Namun, mereka masih ragu dengan penyerapan hasil olahan nikel, tembaga atau mangan mereka setelah membangun pabrik smelter.

Siapa yang akan menyerap dan apakah ada perusahaan domestik yang siap membeli produk olahan di smelter tembaga atau nikel?

Pengembangan IBC oleh pemerintah adalah salah satu ide besar untuk menyerap hasil olahan pabrik smelter tembaga, nikel atau cobalt.

Karena IBC membutuhkan nikel, tembaga, mangan dan cobalt untuk pengembangan baterai untuk ekosistem kendaraan listrik.

Hanya memang IBC sekarang sedang menunggu mitra bisnis untuk memulai investasi senilai 15 miliar dollar AS untuk pengembangan ekosistem kendaraan listrik.

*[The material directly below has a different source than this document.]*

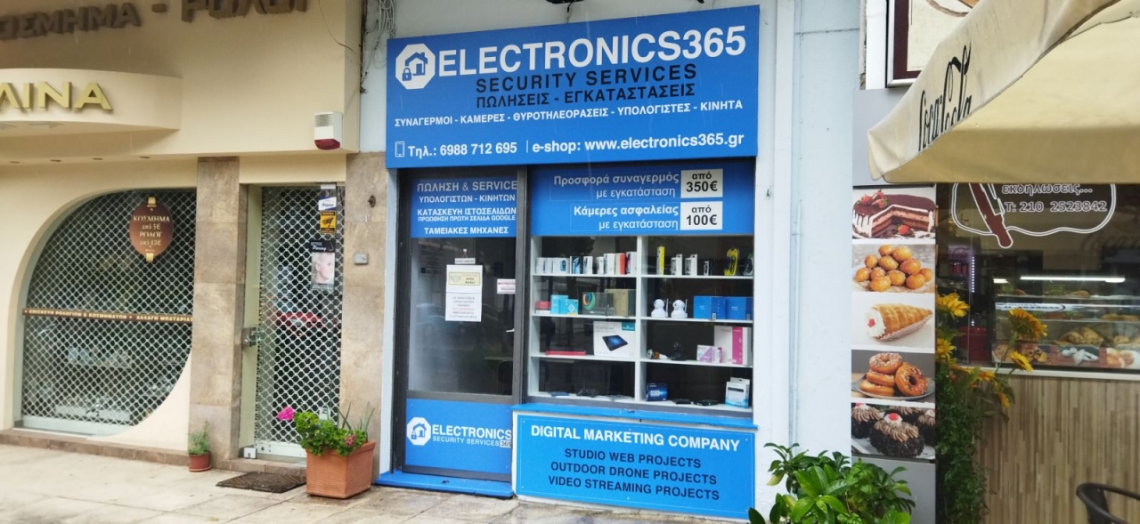 Συναγερμοί σπιτιών, Κάμερες ασφαλείας, Συναγερμοί επιχειρήσεων, Συστήματα κλειστού κυκλώματος (C.C.TV), Θυροτηλεοράσεις, Ηλεκτρονικά είδη, Υπολογιστές, Κινητά, Service – Επισκευές, Live Streaming Projects και Outdoor Drone Projects, Web Projects, Κατασκευή & Φιλοξενία Ιστοσελίδων κλπ.

Jika pengembangan pabrik baterai kendaraan listrik bisa teralisasi, hasil olahan tambang dari produsen-produsen tembaga, nikel, cobalt dan mangan akan terserap pasar domestik.

Keuntungan kendaraan listrik

Diversifikasi energi perlu dilakukan. Dengan diversifikasi, penggunaan BBM di sektor transportasi, baik pribadi maupun umum segera dikurangi dan perlu beralih ke kendaraan listrik yang hemat dan rendah emisi.

Pemerintah perlu melakukan sosilisasi terus-menerus agar masyarakat segera beralih ke kendaraan listrik. Selain itu, pemerintah perlu terus memberikan kebijakan-kebijakan inovatif yang membuat masyarakat segera beralih ke kendaraan listrik.

Kendaraan listrik itu lebih hemat. PLN, misalnya, pernah membuat simulasi bagaimana hematnya menggunakan kendaraan listrik.

Asumsinya jarak tempuh rata-rata mobil mencapai 1.250 kilometer (km) per bulan. Jika menggunakan BBM, 1 liter akan habis dalam jarak tempuh 10 km menggunakan mobil.

Dengan begitu, untuk jarak tempuh 1.250 km membutuhkan BBM sebesar 125 liter per bulan atau jika dirupiahkan menjadi Rp 1.875. 000 per bulan dengan harga satu liter bensin Rp 15.000.

Pengeluaran bulanan itu bisa dihemat dengan penggunaan mobil listrik. Setiap daya 1 Kilowatt-hour (KWh) bisa dipakai untuk menempuh jarak 6,6 kilometer.

Dengan begitu, rata-rata kebutuhan daya listrik per bulan sekitar 187,69 KWh dengan jarak tempuh yang sama 1.250 km.

Tarif listrik diSPKLU sebesar Rp 2.467 per KWh. Dengan tarif itu, maka pengeluaran membeli daya listrik untuk kendaraan per bulan sekitar Rp 464.720.

Jadi, sangat jelas perbandingannya, kendaraan listrik lebih hemat daripada kendaraan berbasi fosil.

Kendaraan listrik juga rendah karbon dan tak membuat polusi udara. Hal ini sangatlah penting di tengah kampanye transisi energi dalam rangka mengurangi emisi karbon dan menjaga perubahan iklim global.